Full documentation: docs.timbal.ai
Installation
pip install timbal
Timbal is modular. The bare install includes the agent/workflow engine, both Anthropic and OpenAI providers, MCP support, and tracing. Install extras only when you need them:
| Extra | What it adds | When to use |
|---|---|---|
timbal[server] |
FastAPI + uvicorn | Serving agents over HTTP |
timbal[documents] |
PyMuPDF + openpyxl + python-docx | Reading PDFs, Excel, Word files |
timbal[evals] |
rich | Running the evals CLI |
timbal[codegen] |
libcst + ruff | Using the code generation tools |
timbal[all] |
Everything above |
pip install 'timbal[server]'
pip install 'timbal[documents,evals]'
pip install 'timbal[all]'
From source
git clone https://github.com/timbal-ai/timbal.git
cd timbal
uv sync --dev
Two patterns, one interface
Agent — autonomous reasoning
The LLM decides what to do. You provide tools and a goal.
from timbal import Agent
from timbal.tools import WebSearch
from datetime import datetime
def get_datetime() -> str:
return datetime.now().isoformat()
agent = Agent(
name="assistant",
model="anthropic/claude-sonnet-4-6",
tools=[get_datetime, WebSearch()],
max_tokens=1024,
)
result = await agent.collect(prompt="What time is it in Tokyo right now?")
print(result.output)
Workflow — explicit pipelines
You define the steps. The framework handles concurrency and dependency resolution.
import httpx
from timbal import Workflow
from timbal.state import get_run_context
from timbal.tools import Write
async def fetch(url: str) -> str:
async with httpx.AsyncClient(follow_redirects=True) as client:
return (await client.get(url)).text
workflow = (
Workflow(name="scraper")
.step(fetch)
.step(
Write(),
path="./output.html",
content=lambda: get_run_context().step_span("fetch").output,
)
)
await workflow.collect(url="https://timbal.ai")

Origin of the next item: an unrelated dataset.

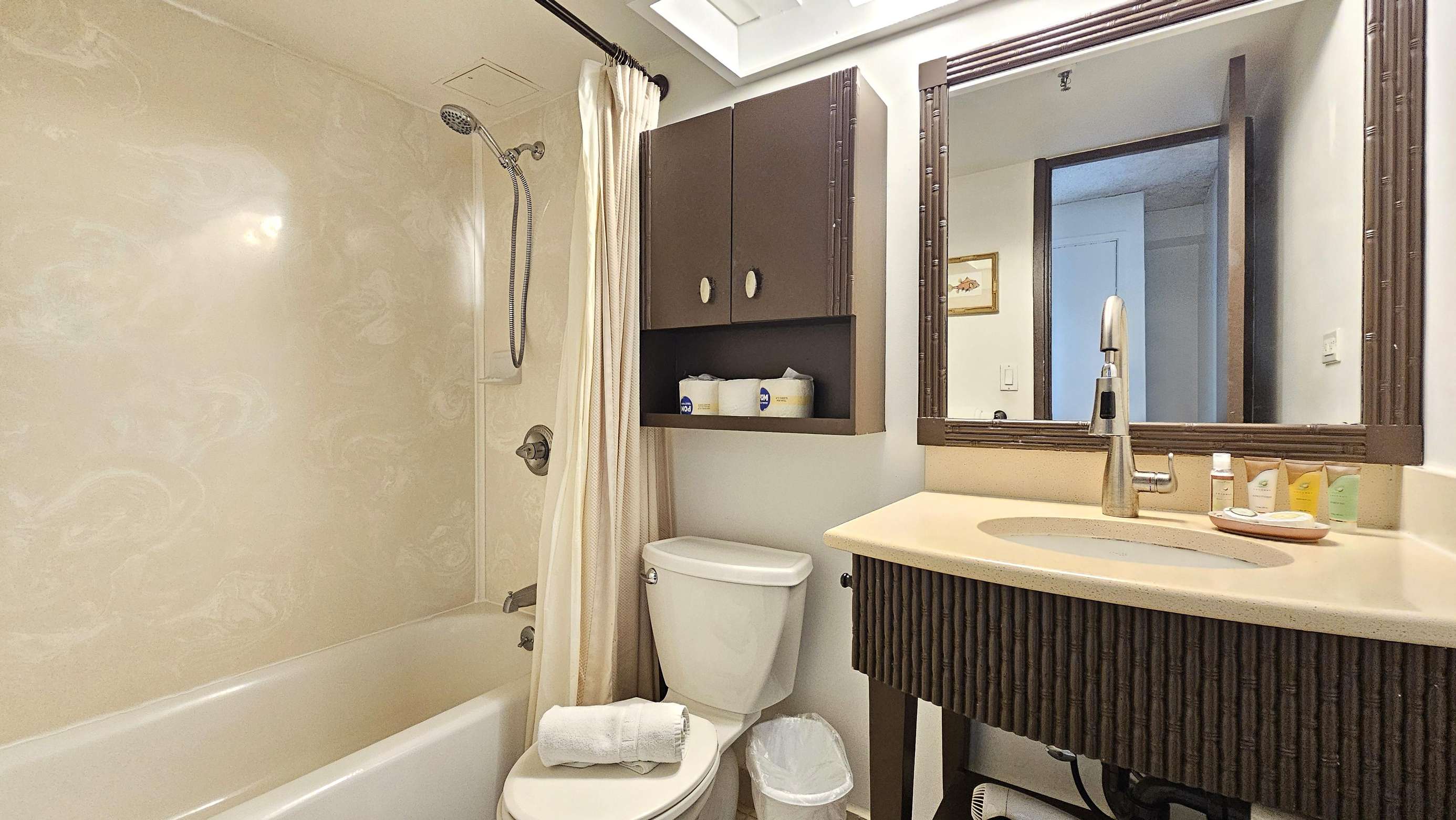 There's a Shower/Tub in the bathroom, it comes with your first couple of nights amenities (shampoo, soap etc.)- We have Beach gear including Towels, Boogie Board and snorkel gear.

Independent steps run concurrently. Dependencies are inferred automatically from step_span() references — no manual wiring needed.
Calling runnables
All Agent, Workflow, and Tool instances share the same interface.
# Collect all events, return final OutputEvent
result = await agent.collect(prompt="Hello")
print(result.output) # final result
print(result.status.code) # "success" | "error" | "cancelled"
print(result.usage) # {"anthropic/claude-sonnet-4-6:input_tokens": 42, ...}
# Or stream events
async for event in agent(prompt="Hello"):
if isinstance(event, DeltaEvent) and isinstance(event.item, TextDelta):
print(event.item.text_delta, end="", flush=True)
Models
Any provider, one interface. Model strings follow provider/model-name:
anthropic/claude-sonnet-4-6 openai/gpt-4o
anthropic/claude-opus-4-7 openai/gpt-5.5
anthropic/claude-opus-4-6 openai/gpt-5.5-2026-04-23
anthropic/claude-haiku-4-5 openai/o3
google/gemini-2.5-flash togetherai/deepseek-ai/DeepSeek-V4-Pro
google/gemini-2.5-pro-preview togetherai/moonshotai/Kimi-K2.6
groq/llama-3.3-70b-versatile xai/grok-4
cerebras/llama-3.1-8b sambanova/Meta-Llama-3.3-70B-Instruct
Recent additions (see python/timbal/models.yaml): DeepSeek V4 via Together/Fireworks, GLM-5.1, MiniMax M2.7, Kimi K2.6, Qwen 3.6 Plus (Fireworks), and the gpt-5.5-2026-04-23 snapshot.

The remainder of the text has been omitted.